To get an offer accepted, buyers may have to go over the asking price. But when offering above the asking price on a property, there is a chance that it may be more than what the bank appraises the home for.
Here is an example: Say a home is listed for $100,000 and it goes under contract for a sale price $110,000. However, the appraisal comes in at only $105,000. Your mortgage lender won’t cover the gap for you. In this scenario, the buyer would have to either fork over an additional $5,000 cash to make the deal happen or convince the seller to accept a new purchase price of $105,000—or walk away from the deal.
Sellers are afraid of the latter option, so if the appraisal comes in short, they like to see a guarantee of an offer over the asking price.

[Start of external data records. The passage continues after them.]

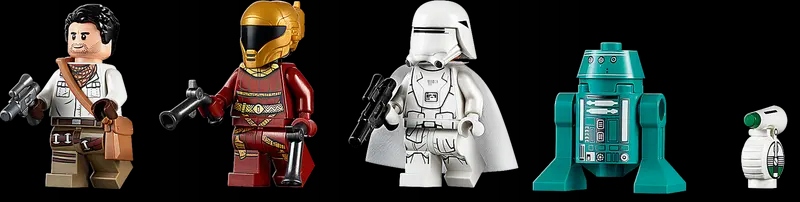 - Включає 6 персонажів LEGO® Star Wars™: міні-фігурки По Дамерона, Зорії Блісс і Штурмовика першого ордену, а також фігурки LEGO D-O та дроїда-астромеханіка.
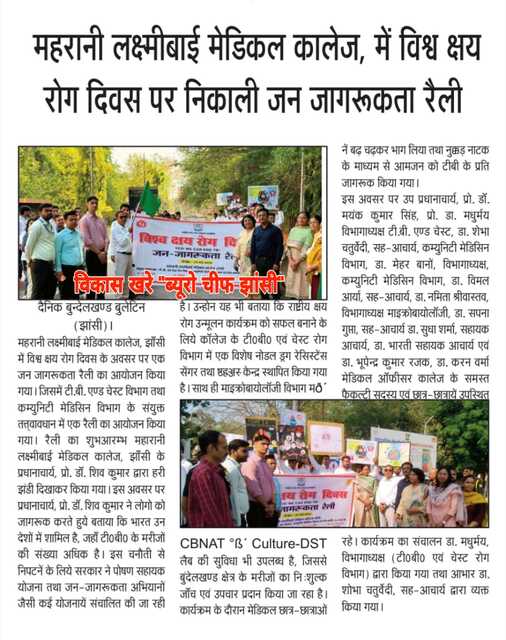महरानी लक्ष्मीबाई मेडिकल कालेज, में विश्व क्षय रोग दिवस पर निकाली जन जागरूकता रैली
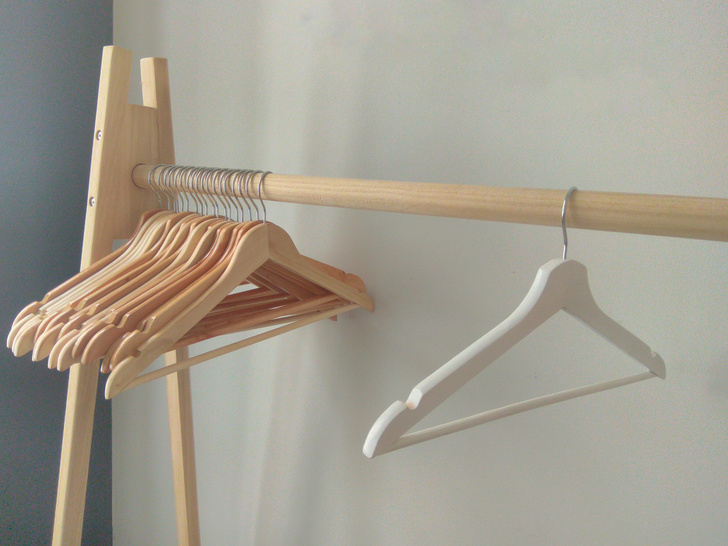 Если же за окном снег или дождь, одежда гостей, соответственно, промокла, то лучше разместить ее в открытом доступе. Однако не у всех есть открытые штанги для размещения одежды, тогда вам на помощь придет напольная вешалка, которую можно разместить абсолютно в любой комнате вашего дома. Такая напольная штанга не только компактна, но легко разбирается и собирается, а также может использоваться по случаю или на постоянной основе. Не стоит забывать про плечики, если одежда мокрая, то с помощью этого простого аксессуара, она быстрее просохнет. Пальто, изделия из кожи и меха необходимо постоянно размещать на плечиках или вешалках, чтобы избежать заломов и деформации. Если же есть риск, что талая вода с одежды может накапать на пол, то разместите лотки для обуви прямо под вешало для верхней одежды.
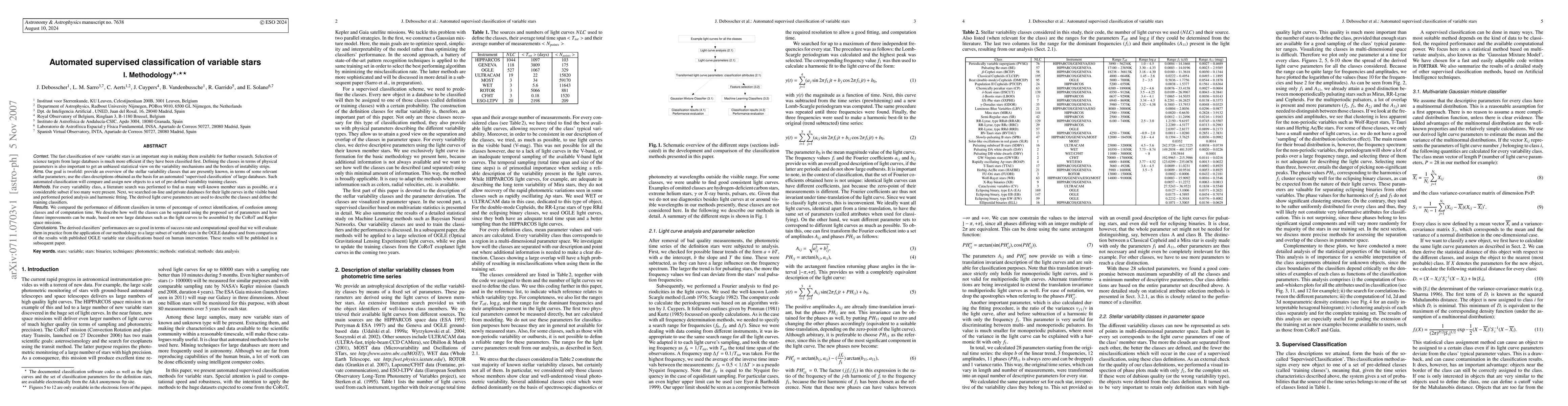 This paper outlines a methodology for automated supervised classification of variable stars using light curve parameters, aiming to efficiently categorize new variable stars and facilitate further research. The study evaluates various classifiers based on accuracy, classification confusion, and computational efficiency, and discusses potential improvements with future large-scale data from missions like CoRoT and Kepler.
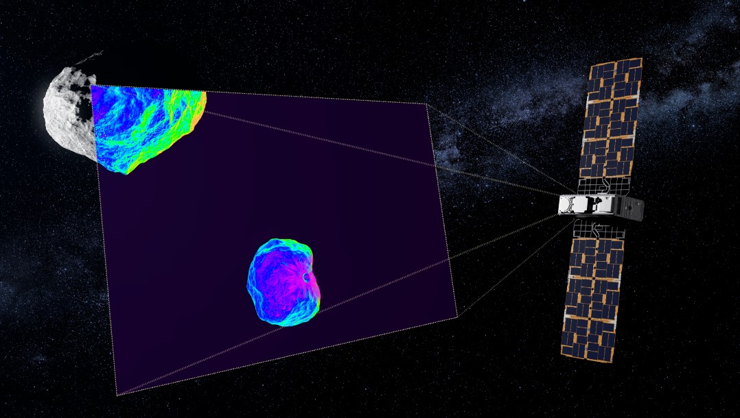 Una simulazione del nanosatellite Milani intento a mappare l'asteroide. Partirà a ottobre e in due anni dovrebbe raggiungere l'asteroide Didymos per effettuare le analisi di materia
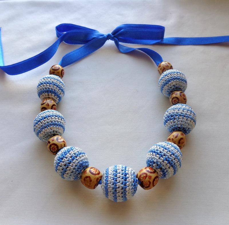 Слінгобуси - багатофункціональний прикраса - модний аксесуар і помічник для матусь. Чудово доповнить ваш наряд - додасть святковий вигляд, відчуття теплоти і комфорту. - Слінгобуси "Біля моря". - Створені з синтетичної нитки. - Прикрашені декоративними намистинами. - Сім - обв'язаних намистин; вісім - декоративних. - Намистини насаджені на міцну яскраву стрічку. - Додатково можна замовити сережки. Створіть ансамбль з декількох прикрас.

Sellers want to be sure that the buyer will come up with some money to cover the difference between the appraisal and the offer.
That is called appraisal gap coverage. It is insurance for the seller that the buyer pays an additional amount over the home’s appraised value if the appraisal comes in less than the agreed-upon purchase price.
To modify the previous example, let’s say the house is listed at $100,000, the buyer offers $110,000 with $1,000 in appraisal gap coverage, and the home appraises for $105,000. The appraisal gap coverage now kicks in, the buyer comes up with $1,000 cash, and the new purchase price is $106,000. The buyer has to pay the seller $1,000 in cash because the lender will not include the appraisal gap coverage in the home loan.
If a seller is looking at two equal offers and one offer has appraisal gap coverage, but the other offer doesn’t, they will go with the offer with the appraisal gap coverage. Plus, in this scenario, the buyer gets the house for less than they initially planned on purchasing it for, so it is a win-win!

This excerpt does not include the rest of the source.